**WHAT THIS TASK INVOLVES**
Return the records from the first line through the line containing "Esprit sweat de", and leave out the pictures.

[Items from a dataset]
====================

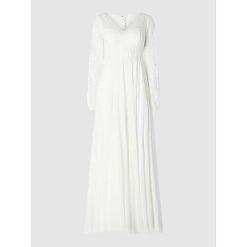 Suknia ślubna z siateczki z kwiatowymi haftami
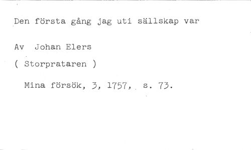 Den första gång jag uti sällskap var //// Av Johan Elers ( Storprataren ) //// Mina försök, 3, 1757, s. 73.
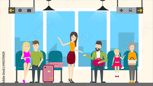 School canteen scene set, flat vector isolated illustration. School children having lunch sitting at table, staying in line, carrying tray with meal, buying snacks from food vending machine.
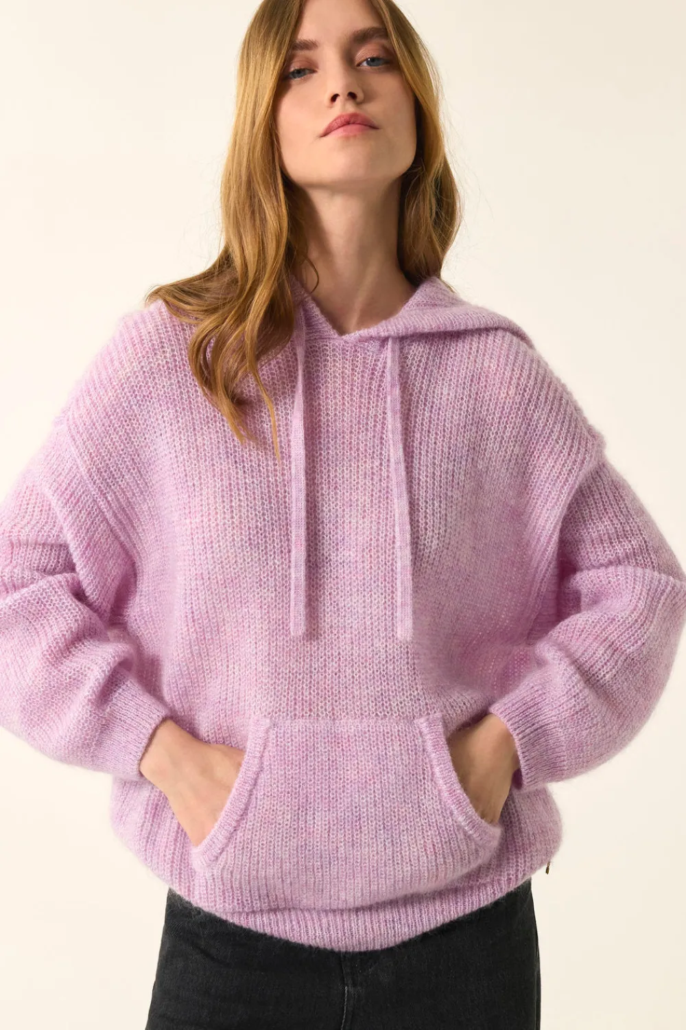 Esprit sweat de sport revisité avec sa capuche et sa poche kangourou, le pull Bulotte prend la forme d’un hoodie. Porté sous un manteau oversize avec votre jean préféré, sa maille en kid mohair ultra douce sera parfaite pour le plein hiver. • Pull hoodie oversize • Emmanchures décalées • Capuche avec cordon de serrage • Poche plaquée devant • Finitions en bord-côte • Pull femme réalisé en fil du nouveau groupe « Mohair » composé de Kid Mohair d’Afrique du Sud et laine d’Australie. Fil certifié RMS & RWS et garanti sans Mulesing. • Coloris Pétale chiné : un rose chiné • Modèle dessiné à Paris par notre styliste • Longueur : 56 cm pour une taille 1 • Iolanta mesure 1m71 et porte une taille 1 • Conseil style : portez-le avec le jean Louisette et le manteau oversize Yvie
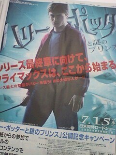 3D上映については↓こちら 109シネマズIMAXシアター 映画の公開から2週間経ったので、 3D上映と映画自体の感想書きたいと思いますが、 映画と原作のネタバレ含むので一応畳んでおきます。 「ハリー・ポッターと謎のプリンス」をジャパンプレミアで見てから、 15日の世界展じゃなくなっちゃった伊勢丹のグッズフェアに行った帰り もう一度見ようかと思ったら全然空き席が残ってなかったので その日は「ノウイング」を見て帰宅。 本日7月19日は、新宿ピカデリーの1周年記念日だそうで、 水曜日でも1日でもないのにサービスディだったので、 リベンジとばかりにまずは吹替版を鑑賞。 吹替版で見たら初回見た時よりも理解が深まって良かったです♪ 入り口でワーナーからのアンケートが配布されたので、 聞かれてない事まで想いのたけを書き綴って来ましたよ☆ グッズフェアにも顔を出しましたが、今日も大盛況でした。 続けて「アマルフィ」も鑑賞。 ちょっとツッコミ所あったけど素敵な景色とサラ・ブライトマンの歌声にうっとりでオモシロかったです。 で、劇場を出たら新宿の空に見事な虹が! 携帯で撮ったからよく見えないけど2重にかかってて、 こんなくっきりした虹見た事ないくらい本当にキレイでした♪ 新宿ピカデリーの1周年もハリポタの公開も 祝福してくれてるようで嬉しかったです(^ー^* ) 明日はいよいよ3Dで見て来ます♪ 2年ぶりのフクロウがジャパンプレミアの招待券持って来てくれましたぁ~!! しかも15組しか当たらない狭き門をくぐって(:_;) まだこれから締切の応募情報もあるし、 皆さん頑張りましょうp(*^-^*)q 応募情報 「ハリー・ポッターと謎のプリンス」公開記念キャンペーンとして、 新聞各紙から参加できるキャンペーンが行われています。 1面ぶち抜きの大きな広告で、携帯専用ですが下記のデジタルコンテンツがもらえるキャンペーンです。 ・au one GREE/モバイル版 GREE 「きせかえプロフ」 ・mixiモバイル 「mixiコレクション」 ・デコとも 「デコメールテンプレート」 6/17の読売新聞朝刊を逃したので、 今朝は朝日新聞だ!と気づいて朝刊をなんとかゲット♪ 次回は6/22中日新聞朝刊に掲載されるようです。 詳しくは公式サイトの最新情報ページへ。 入手できなかった方のための入手方法も載ってます。 http://wwws.warnerbros.co.jp/news/harrypotter/
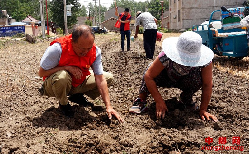 该乡党员服务队队员在梧樟村帮助困难户抢种夏玉米。
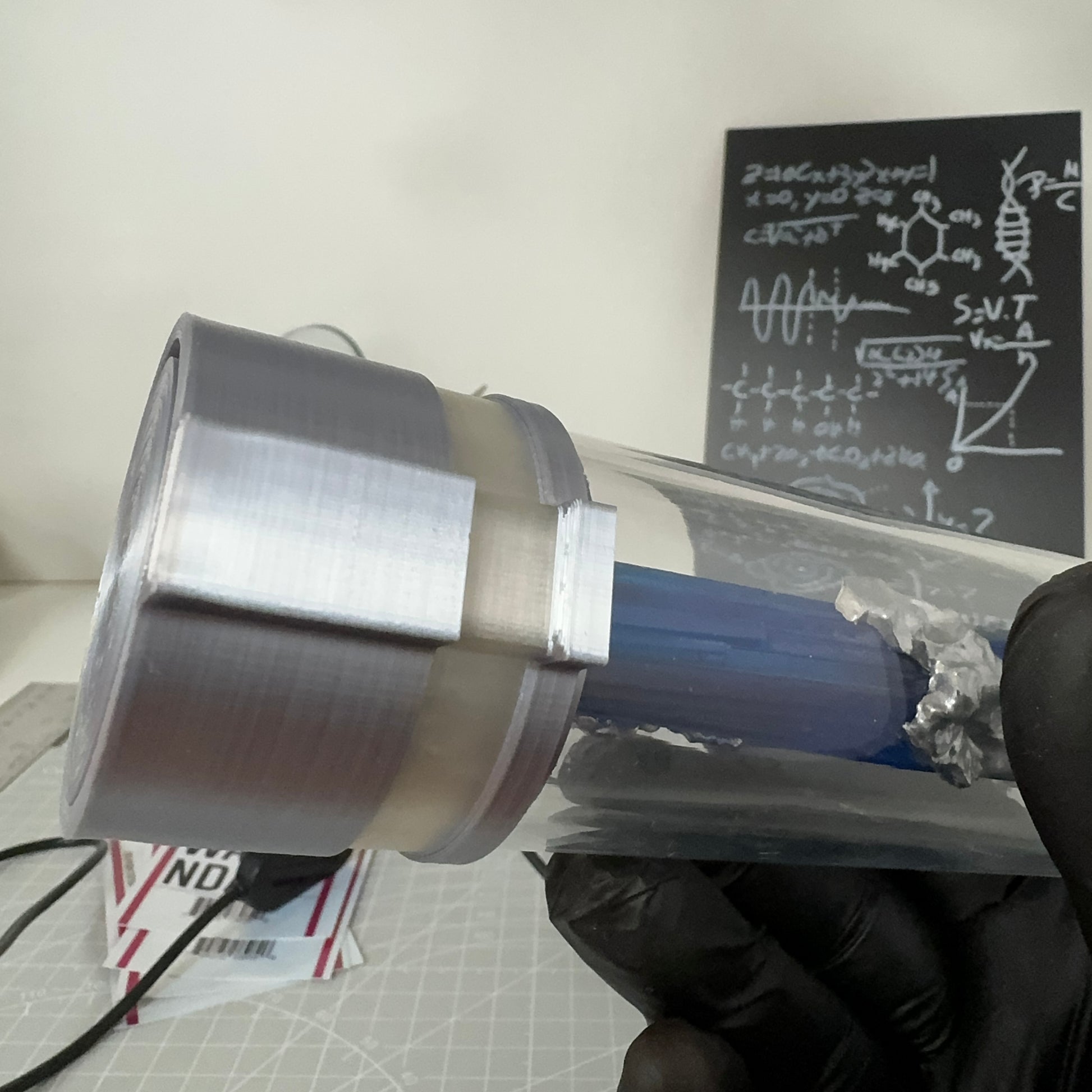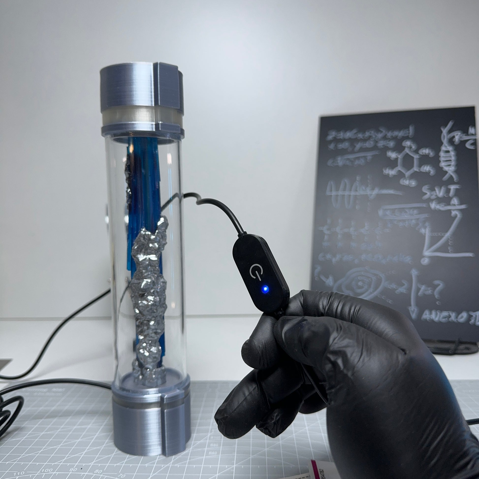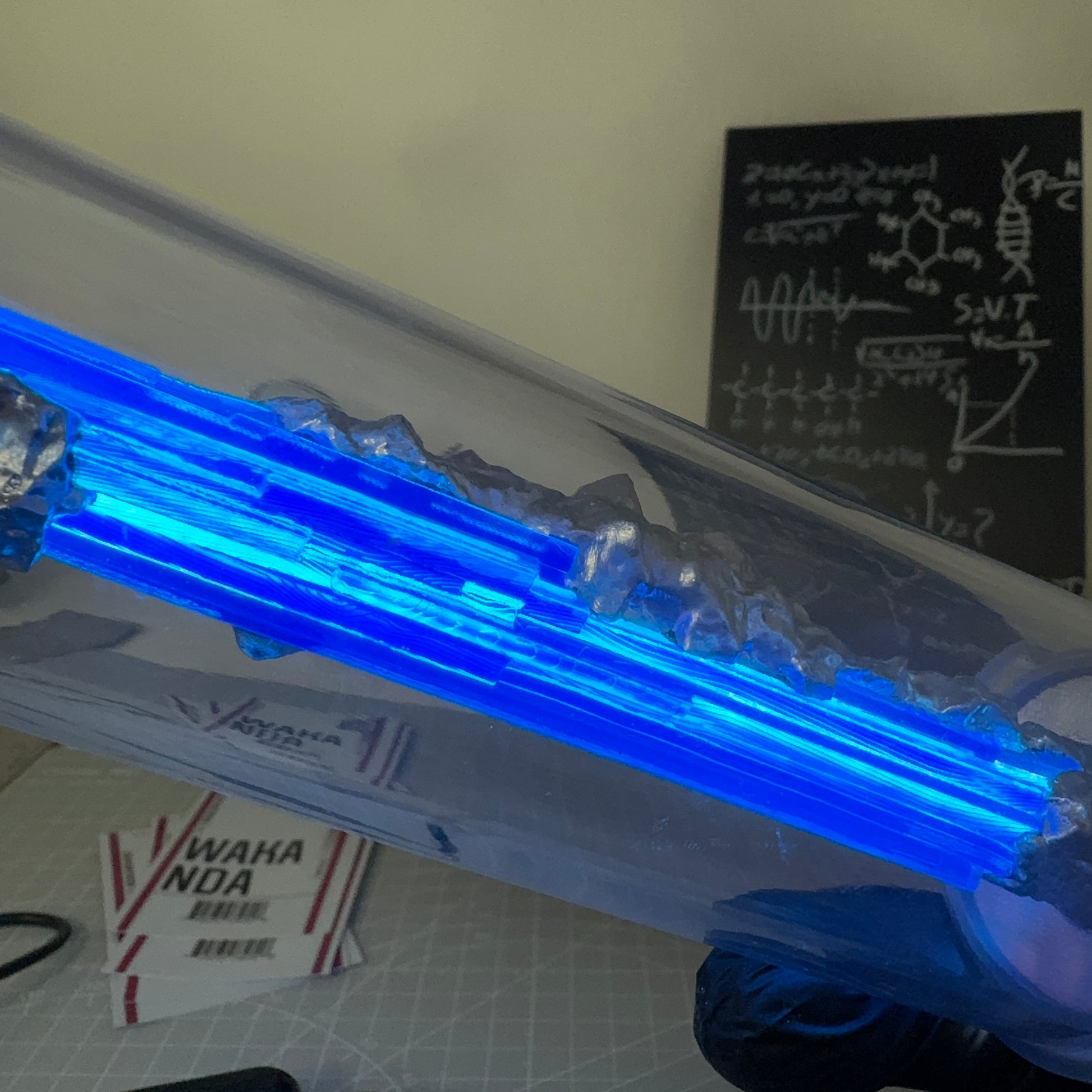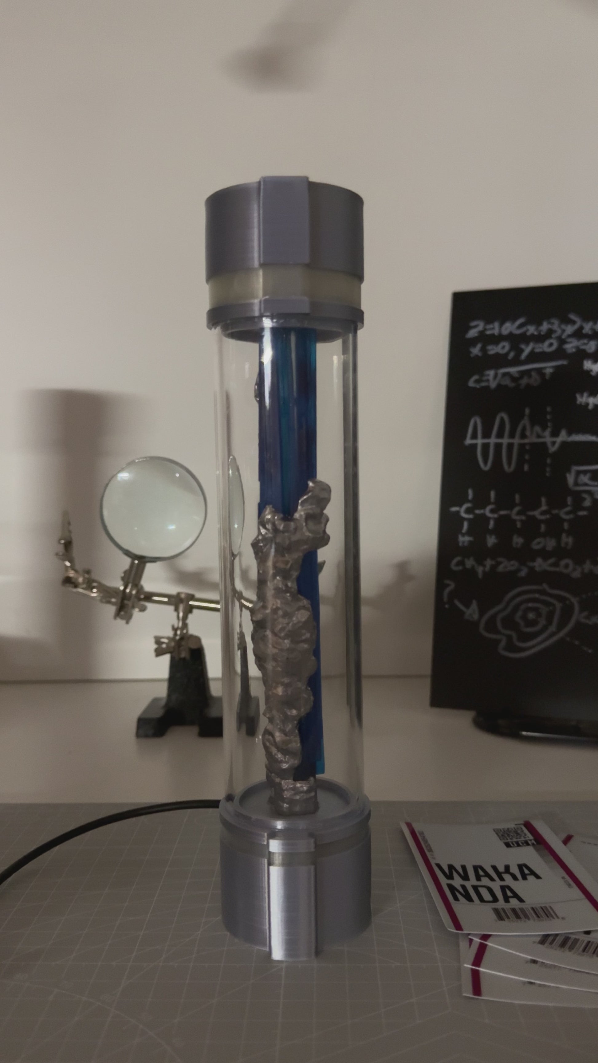 Tanto la parte superior como la inferior está impreso en PLA metálico seda para dar esa apariencia brillante simulando ser natal y tiene una franja de un tono translúcido para poder dar el efecto de luz alucinante.
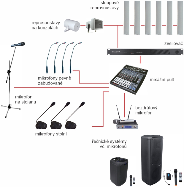 Vícezónové ozvučení vč. mikrofonů a reprosoustav | |||
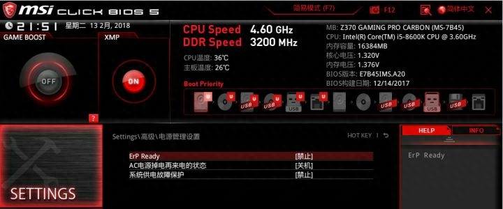 SETTINGS选项,ErP Ready,微星技嘉主板是默认禁止。华硕华擎是默认开启。
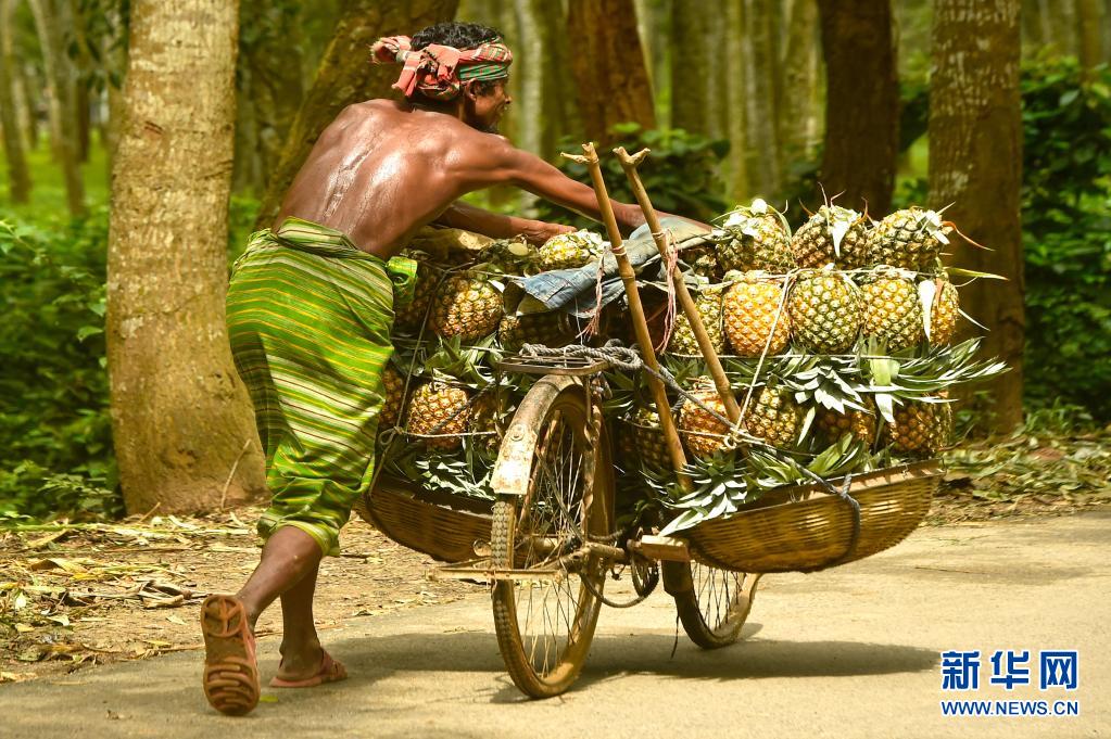7月25日,農(nóng)民在孟加拉國(guó)坦蓋爾運(yùn)輸收獲的菠蘿。
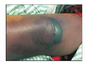 18例患者平均年龄(62±9)岁,其中男性14例,女性4例。发病年份:2012~2015年3例,2016~2020年15例。发病月份为6~10月份,以8月份为多。职业分布:农民2例,家庭主妇4例,销售海鲜4例,渔民6例,工人1例,无业1例。感染途径:9例有处理海产品史,6例进食海产品,3例原因不明。基础疾病:15例合并基础疾病,其中合并慢性肝病6例,包括慢性乙型病毒性肝炎3例、肝硬化2例和肝癌术后1例。患者皮肤表现可见蜂窝织炎,张力性水泡迅速演变成紫色血性大疱(见图1)。主要临床症状:红肿(16例),发热(15例),张力性水泡(8例),寒战、休克、皮疹和瘀斑各6例,筋膜坏死(3例)。临床亚型:原发性脓毒症15例,皮肤感染3例。18例患者中死亡11例。LRINCE评分:<6分7例(死亡3例),6~8分8例(死亡5例),>8分3例(死亡3例)。

====================

**OUTPUT FOR THIS TASK**
 Suknia ślubna z siateczki z kwiatowymi haftami
 Den första gång jag uti sällskap var //// Av Johan Elers ( Storprataren ) //// Mina försök, 3, 1757, s. 73.
 School canteen scene set, flat vector isolated illustration. School children having lunch sitting at table, staying in line, carrying tray with meal, buying snacks from food vending machine.
 Esprit sweat de sport revisité avec sa capuche et sa poche kangourou, le pull Bulotte prend la forme d’un hoodie. Porté sous un manteau oversize avec votre jean préféré, sa maille en kid mohair ultra douce sera parfaite pour le plein hiver. • Pull hoodie oversize • Emmanchures décalées • Capuche avec cordon de serrage • Poche plaquée devant • Finitions en bord-côte • Pull femme réalisé en fil du nouveau groupe « Mohair » composé de Kid Mohair d’Afrique du Sud et laine d’Australie. Fil certifié RMS & RWS et garanti sans Mulesing. • Coloris Pétale chiné : un rose chiné • Modèle dessiné à Paris par notre styliste • Longueur : 56 cm pour une taille 1 • Iolanta mesure 1m71 et porte une taille 1 • Conseil style : portez-le avec le jean Louisette et le manteau oversize Yvie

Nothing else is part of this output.